Warnings will be created if:
- This is True AND restoring from a checkpoint that contains no buffer
data.
- This is False AND restoring from a checkpoint that does contain
buffer data.
replay_buffer_config: Replay buffer config.
Examples:
{
"_enable_replay_buffer_api": True,
"type": "MultiAgentReplayBuffer",
"capacity": 50000,
"replay_batch_size": 32,
"replay_sequence_length": 1,
}
- OR -
{
"_enable_replay_buffer_api": True,
"type": "MultiAgentPrioritizedReplayBuffer",
"capacity": 50000,
"prioritized_replay_alpha": 0.6,
"prioritized_replay_beta": 0.4,
"prioritized_replay_eps": 1e-6,
"replay_sequence_length": 1,
}
- Where -
prioritized_replay_alpha: Alpha parameter controls the degree of
prioritization in the buffer. In other words, when a buffer sample has
a higher temporal-difference error, with how much more probability
should it drawn to use to update the parametrized Q-network. 0.0
corresponds to uniform probability.
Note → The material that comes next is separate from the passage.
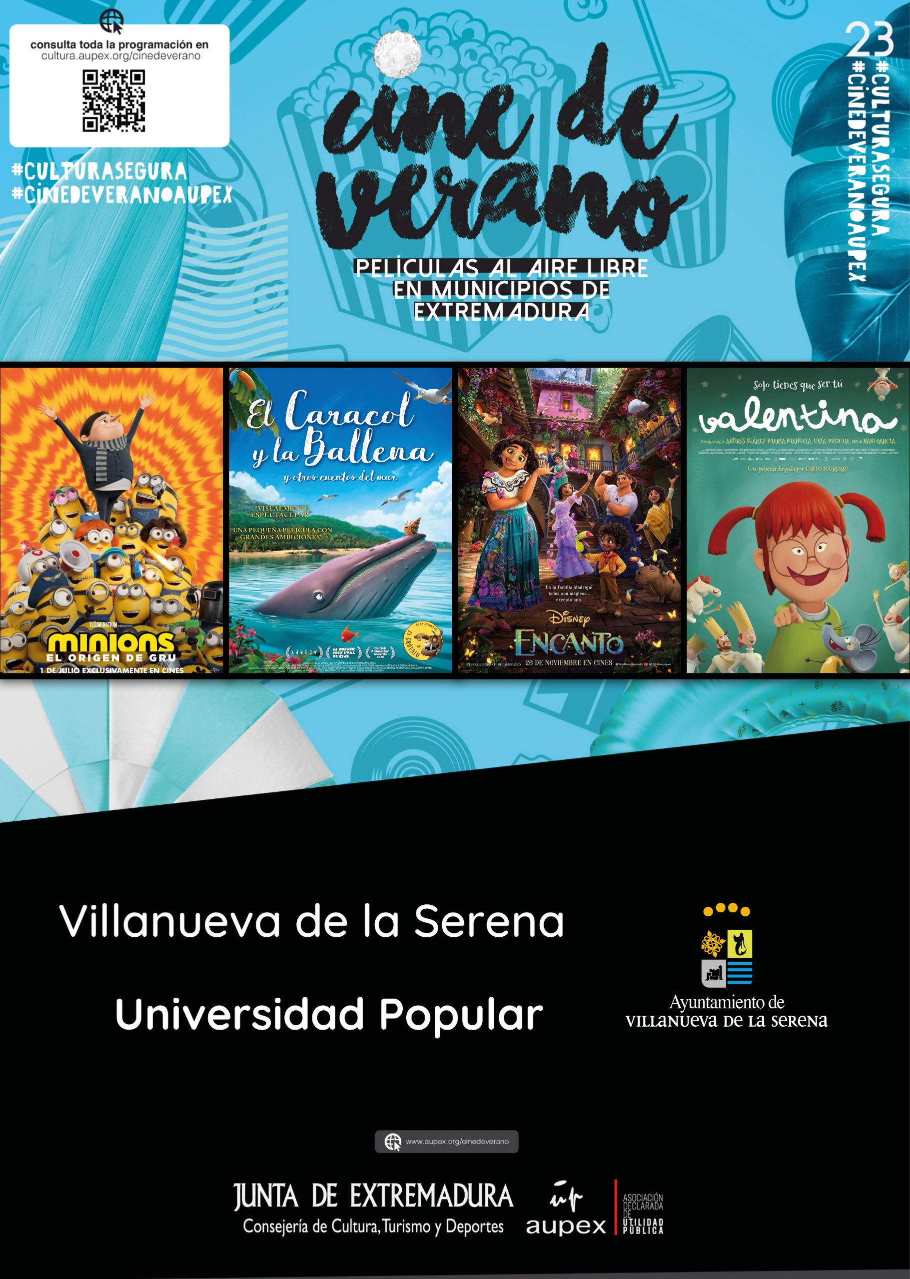 Otra cita ineludible del verano es el cine de verano. Una apuesta que se hace desde la Universidad Popular en colaboración con Aupex, y que se ha convertido en una entretenida actividad como punto de encuentro entre familias y amigos. Será en su habitual ubicación, en el auditorio del Parque del Rodeo y las proyecciones, serán los miércoles 2, 9, 16 y 23 de agosto, todas a las 22:00 horas. Los títulos seleccionados para esta ocasión son: “Minions, ha nacido un villano”, “Valentina”, “El caracol y la ballena” y “Encanto”.

Setting much above 1.0 may quickly
result as the sampling distribution could become heavily “pointy” with
low entropy.
prioritized_replay_beta: Beta parameter controls the degree of
importance sampling which suppresses the influence of gradient updates
from samples that have higher probability of being sampled via alpha
parameter and the temporal-difference error.
prioritized_replay_eps: Epsilon parameter sets the baseline probability
for sampling so that when the temporal-difference error of a sample is
zero, there is still a chance of drawing the sample.
training_intensity: The intensity with which to update the model (vs
collecting samples from the env).
If None, uses "natural" values of:
`train_batch_size` / (`rollout_fragment_length` x `num_env_runners` x
`num_envs_per_env_runner`).
If not None, will make sure that the ratio between timesteps inserted
into and sampled from th buffer matches the given values.
Example:
training_intensity=1000.0
train_batch_size=250
rollout_fragment_length=1
num_env_runners=1 (or 0)
num_envs_per_env_runner=1
-> natural value = 250 / 1 = 250.0
-> will make sure that replay+train op will be executed 4x asoften as
rollout+insert op (4 * 250 = 1000).
See: rllib/algorithms/dqn/dqn.py::calculate_rr_weights for further
details.
clip_actions: Whether to clip actions. If actions are already normalized,
this should be set to False.
grad_clip: If not None, clip gradients during optimization at this value.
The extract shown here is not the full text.